• [PROVIDED RECORDS]:
....
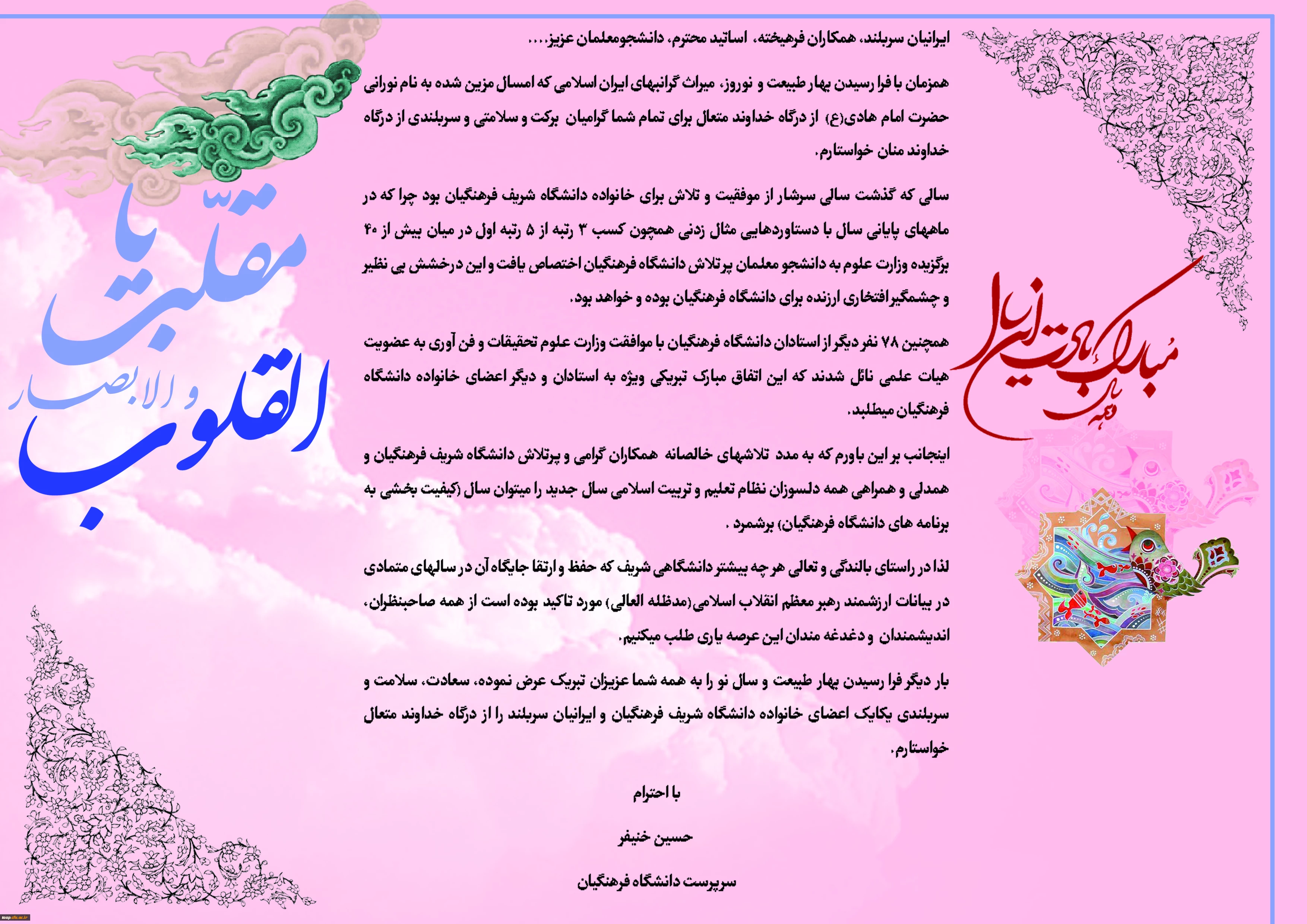 سرپرست دانشگاه فرهنگیان در پیام آغاز سال نو
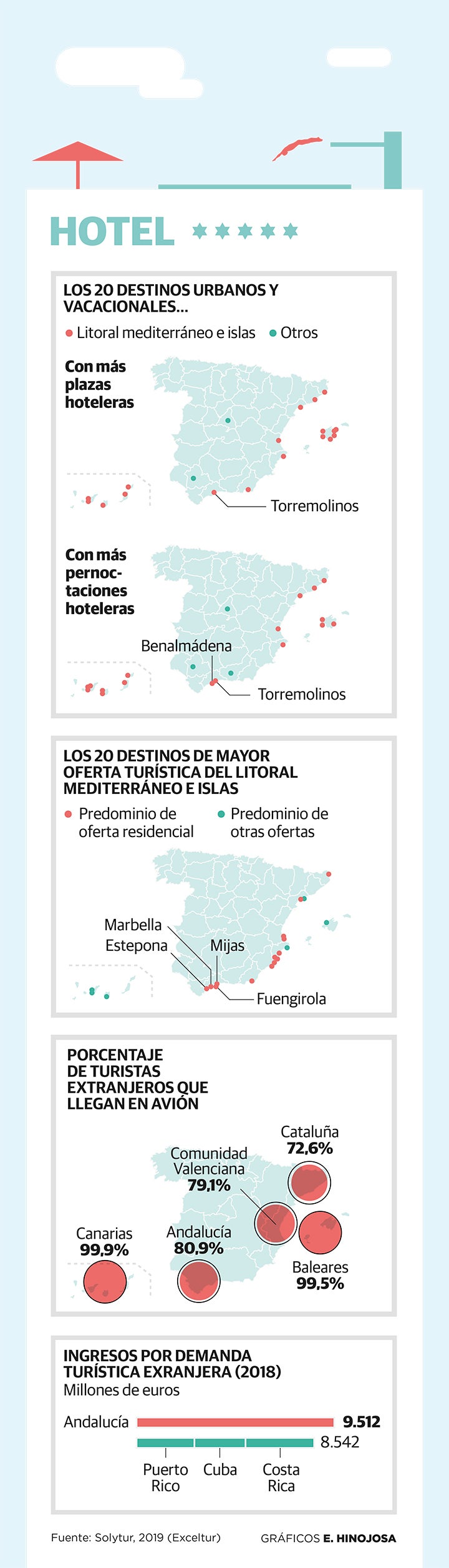El presidente de los hoteleros coincide en que la recuperación del destino está en manos del segmento de sol y playa, que atrae al 70% de los turistas y genera el 68% de las pernoctaciones, y que es el puntal de esta industria y no sólo en la Costa y en Andalucía sino en el conjunto del país. El primer informe que pone en valor el tirón y la vigencia de la oferta de sol y playa, realizado por la Alianza para la Excelencia Turística (Exceltur), incluye a Torremolinos y Marbella entre los destino más competitivos de España en este segmento y concluye que son protagonistas de la industria turística.
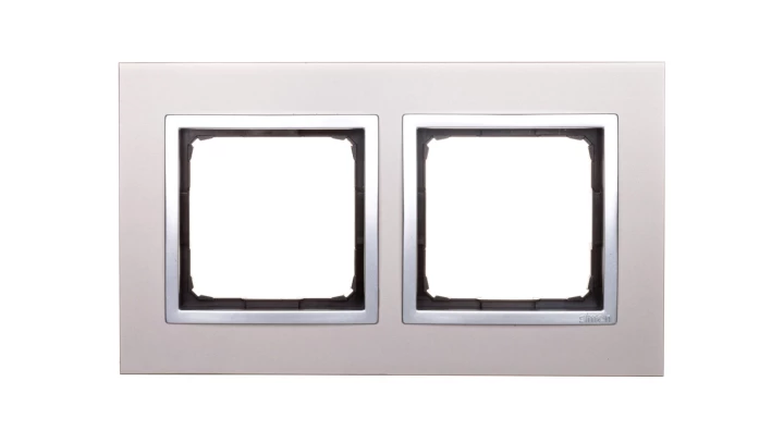 Ramka 2-krotna Nature-Metal, SATYNOWY BLASK, IP20/IP44' ('IP44-zastosować uszczelki DUN2), SIMON54 NATURE o numerze katalogowym DRN2/79 w kategorii Ramki, Ramki, klawisze, plakietki. Produkt wyprodukowany przez markę KONTAKT-SIMON, seria SIMON 54 NATURE.
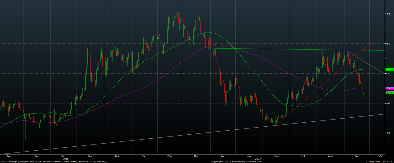 SGX iron ore futures are concerning. The price has fallen $6.5 or 10 percent in one week. It has blown through its short-term trendline and moving averages. Two key levels to watch would be the longer-term trendline around $56 and the June low at $53. If prices break the long-term trendline and the June low, then ore will have officially moved into a downtrend with lower highs and lower lows.
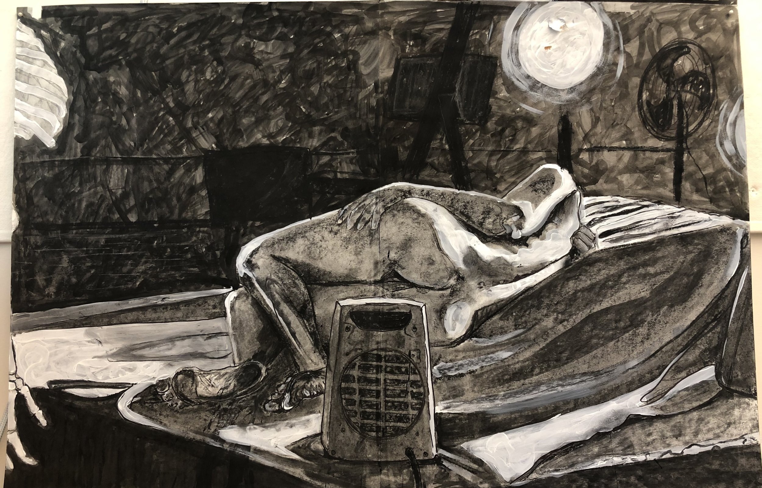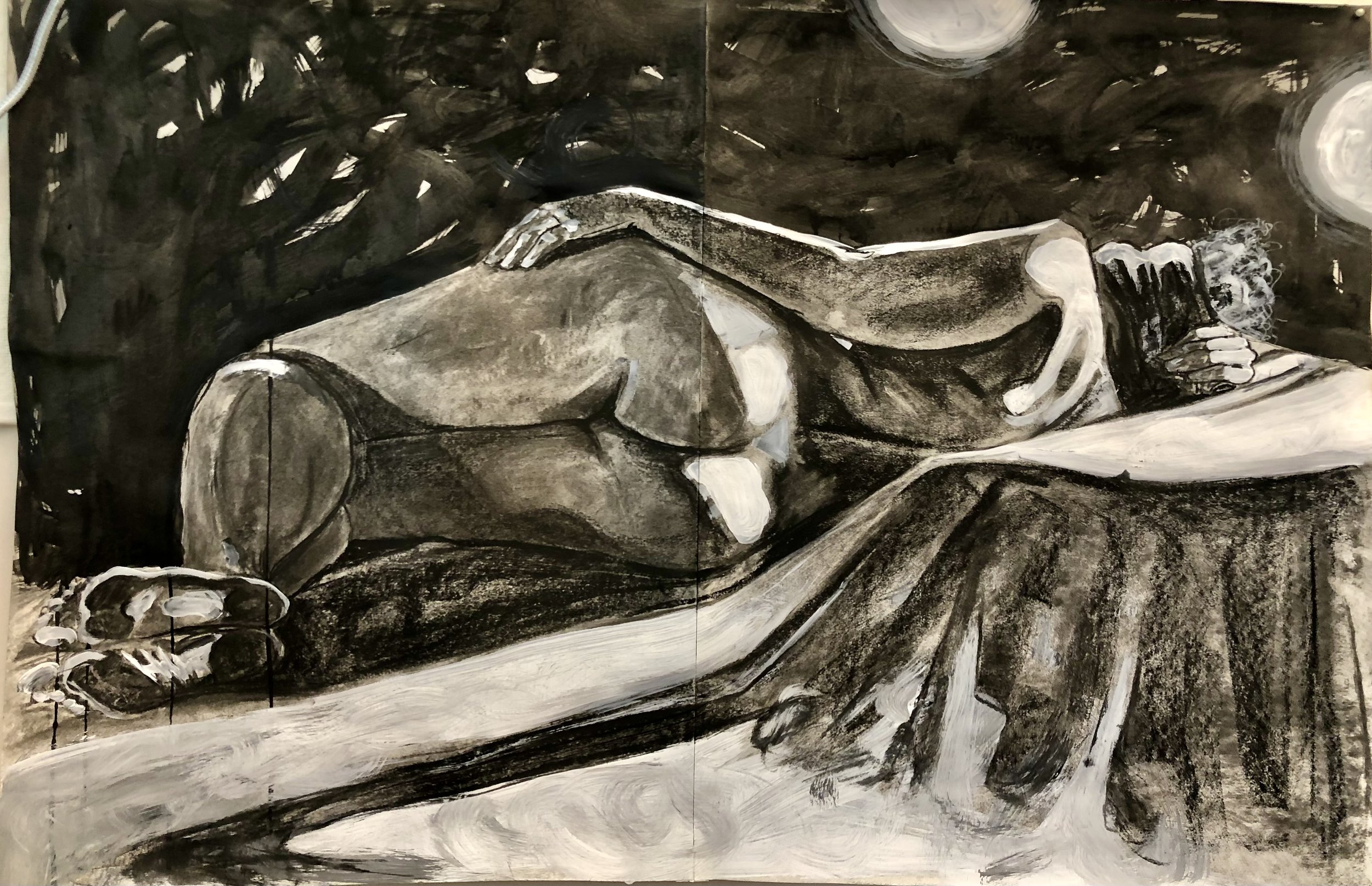 Dual Figure Drawings, gesso, india ink, charcoal, both 36x48”, 2020
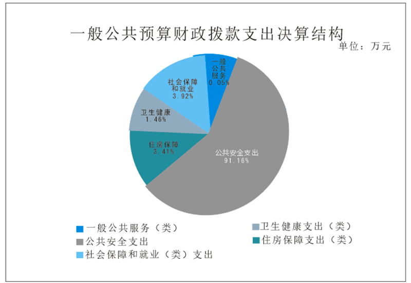 2022年一般公共预算财政拨款支出6372.92万元,主要用于以下方面:一般公共服务支出3万元,占0.05%;公共安全支出5809.49万元,占91.16%;社会保障和就业支出249.82万元,占3.92%;卫生健康支出93.05万元,占1.46%;住房保障支出217.57万元,占3.41%。
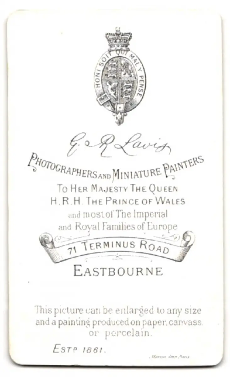 Fotografie G. R. Lavis, Eastbourne, Terminus Road 71, Porträt eines Herrn mit Schnurrbart
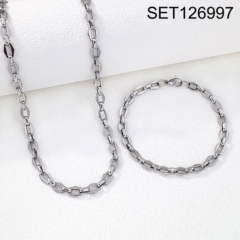 Level B Stainless Steel New Trendy Man Jewelry Steel color Chain SET
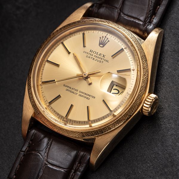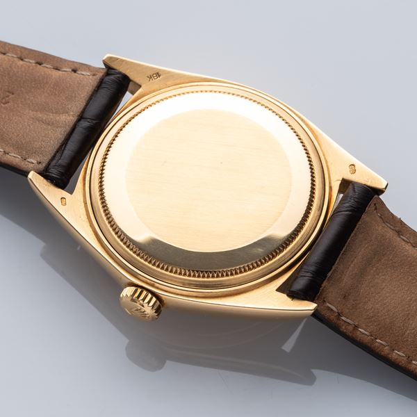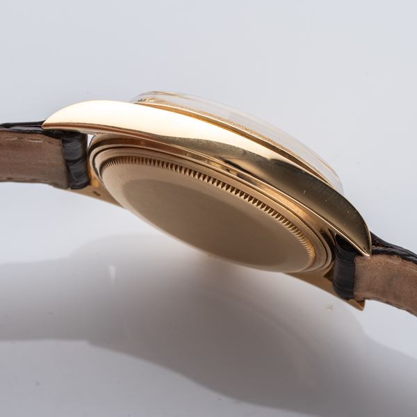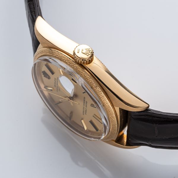 Note: Quadrante champagne 'pie pan' sigma, indici sfera a bastone in oro giallo 18kt, datario ad ore tre. Disco data tinta oro. Lavorazione ghiera 'Morelli'. Cassa in oro giallo 18kt, corona e fondello a vite. Vetro plexiglass bombato. Cinturino in pelle e fibbia Rolex.
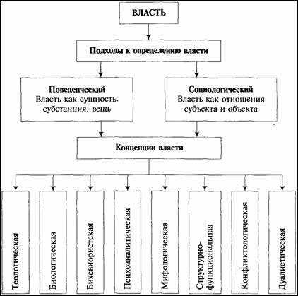 · Поведенческий. Сторонники этого подхода объясняют природу власти психологическими и биологическими особенностями человека как ее носителя. Носитель власти – отдельная личность, особенная личность, заставляющая повиноваться других людей (теологическая, биологическая, бихевиористская, психоаналистическая, мифологическая).
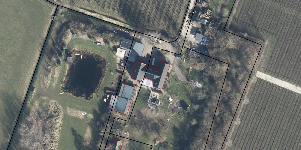 Het perceel waarop Op de Akker 2 staat heeft een oppervlakte van 5910 m². Dit is een zeer groot perceel. De perceeloppervlakte wordt geregistreerd door het Kadaster. Gedetailleerde informatie over de maten van dit perceel kunt u vinden in het rapport Kadastrale kaart met maatvoering van Op de Akker 2.
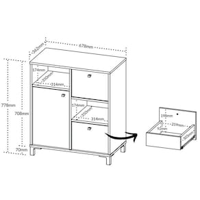 - Estrutura em MDP 15mm com fita de borda ABS com 0,45mm de espessura; - Puxadores em metal; - Uma porta em MDP 15mm com fita de borda ABS 0,45mm de espessura; - Prateleira interna móvel com três regulagens de altura; - Duas gavetas com corrediças metálicas, fundo encaixado em MDF 3mm - Frente em MDP 15mm com fita de borda ABS com 0,45mm de espessura; - Fixação com tambor, minifix e parafuso. - Capacidade de carga: 10kg distribuídos no tampo, 5kg distribuídos na prateleira; 10kg distribuídos na base, 5kg distribuídos em cada gaveta.
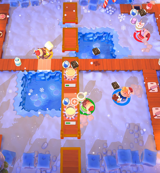 Euren eigenen Zuckerschock dürft ihr in Overcooked 2 mit den zwei neuen Köchen wählen. Ihr dürft sowohl in die Rolle eines Weihnachtselfs, als auch in die eines Schneemans schlüpfen, um eure Kunden glücklich zu machen.
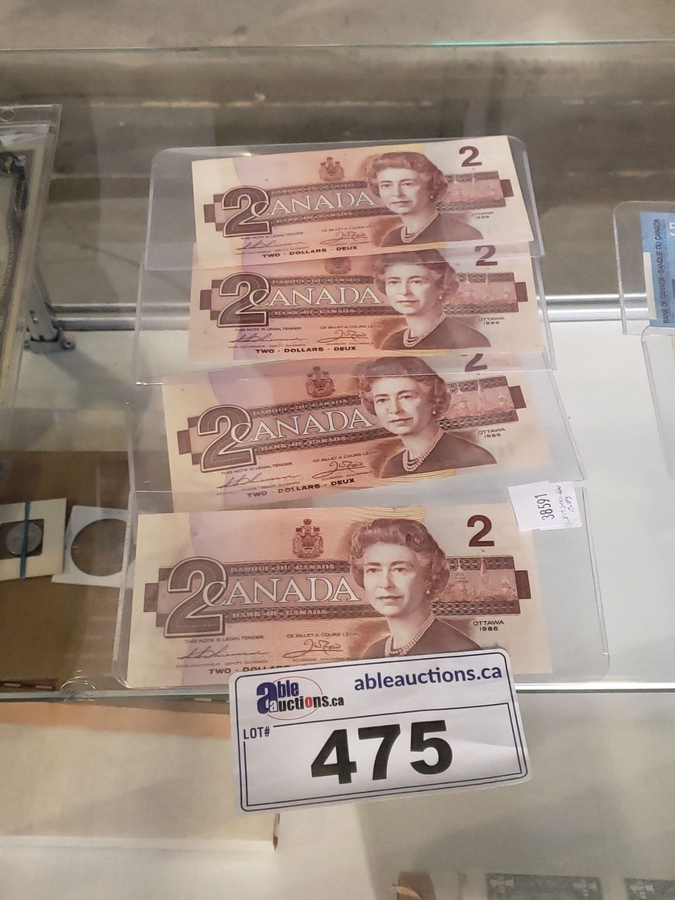 4 CANADIAN $2 BILLS CONSECUTIVE SERIAL #'S
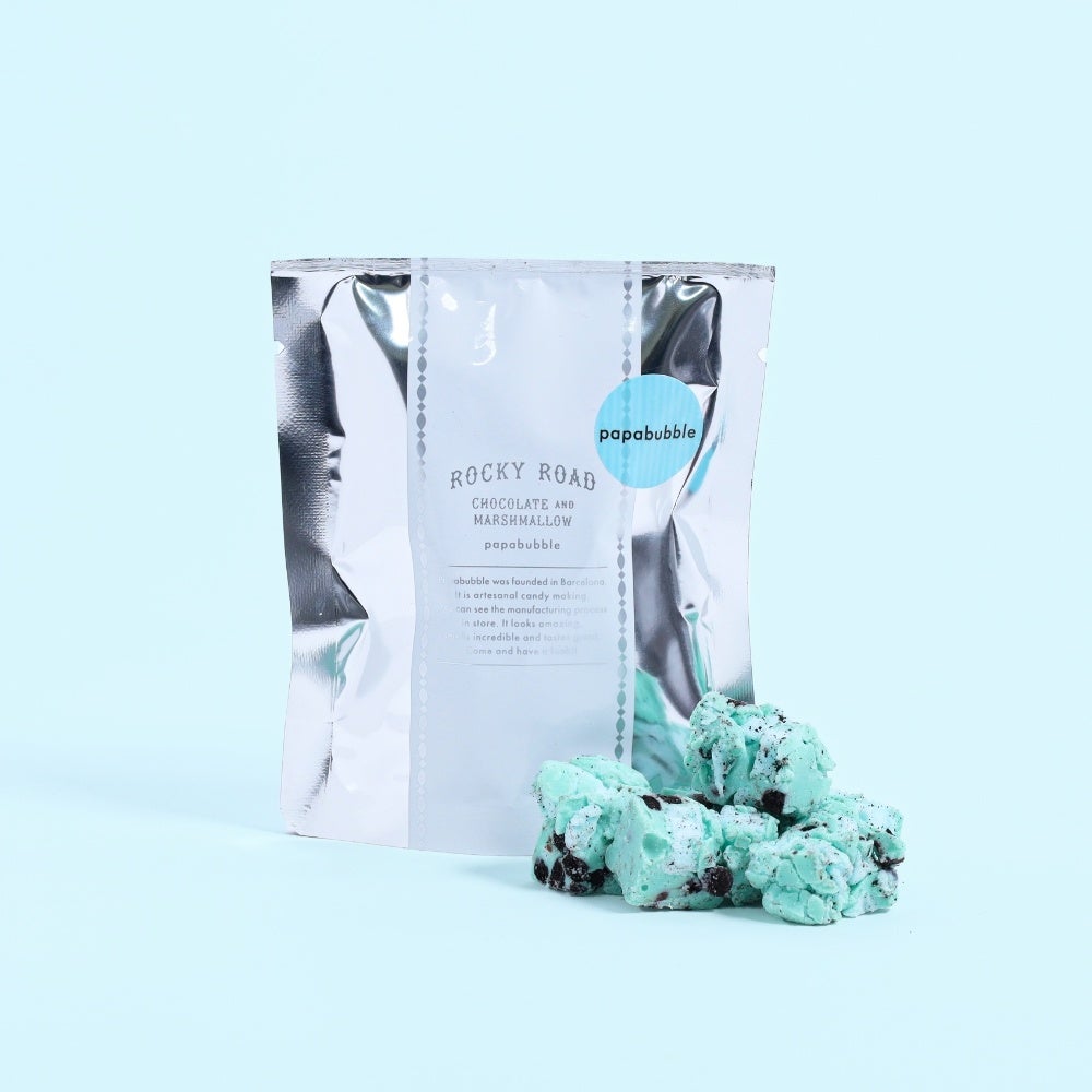 パパブブレ風にアレンジした伝統菓子“ロッキーロード”に、チョコミントロッキーロード「ペパーミント」が再登場します。ギフトやお土産にもぴったりの、9個入りとお手軽ミニサイズの2種。ペパーミントのもちもちとしたマシュマロに、ザクザク食感のブラックココアビスケットとチョコチップを組み合わせています。
....
• [WORK ITEM]: When copying from the data above, print only the lines from the line containing "2022年一般公共预算财政拨" to the line containing "Het perceel waarop", exactly, and leave the pictures out.

• [FINISHED EXERCISE]:
 2022年一般公共预算财政拨款支出6372.92万元,主要用于以下方面:一般公共服务支出3万元,占0.05%;公共安全支出5809.49万元,占91.16%;社会保障和就业支出249.82万元,占3.92%;卫生健康支出93.05万元,占1.46%;住房保障支出217.57万元,占3.41%。
 Fotografie G. R. Lavis, Eastbourne, Terminus Road 71, Porträt eines Herrn mit Schnurrbart
 Level B Stainless Steel New Trendy Man Jewelry Steel color Chain SET
 Note: Quadrante champagne 'pie pan' sigma, indici sfera a bastone in oro giallo 18kt, datario ad ore tre. Disco data tinta oro. Lavorazione ghiera 'Morelli'. Cassa in oro giallo 18kt, corona e fondello a vite. Vetro plexiglass bombato. Cinturino in pelle e fibbia Rolex.
 · Поведенческий. Сторонники этого подхода объясняют природу власти психологическими и биологическими особенностями человека как ее носителя. Носитель власти – отдельная личность, особенная личность, заставляющая повиноваться других людей (теологическая, биологическая, бихевиористская, психоаналистическая, мифологическая).
 Het perceel waarop Op de Akker 2 staat heeft een oppervlakte van 5910 m². Dit is een zeer groot perceel. De perceeloppervlakte wordt geregistreerd door het Kadaster. Gedetailleerde informatie over de maten van dit perceel kunt u vinden in het rapport Kadastrale kaart met maatvoering van Op de Akker 2.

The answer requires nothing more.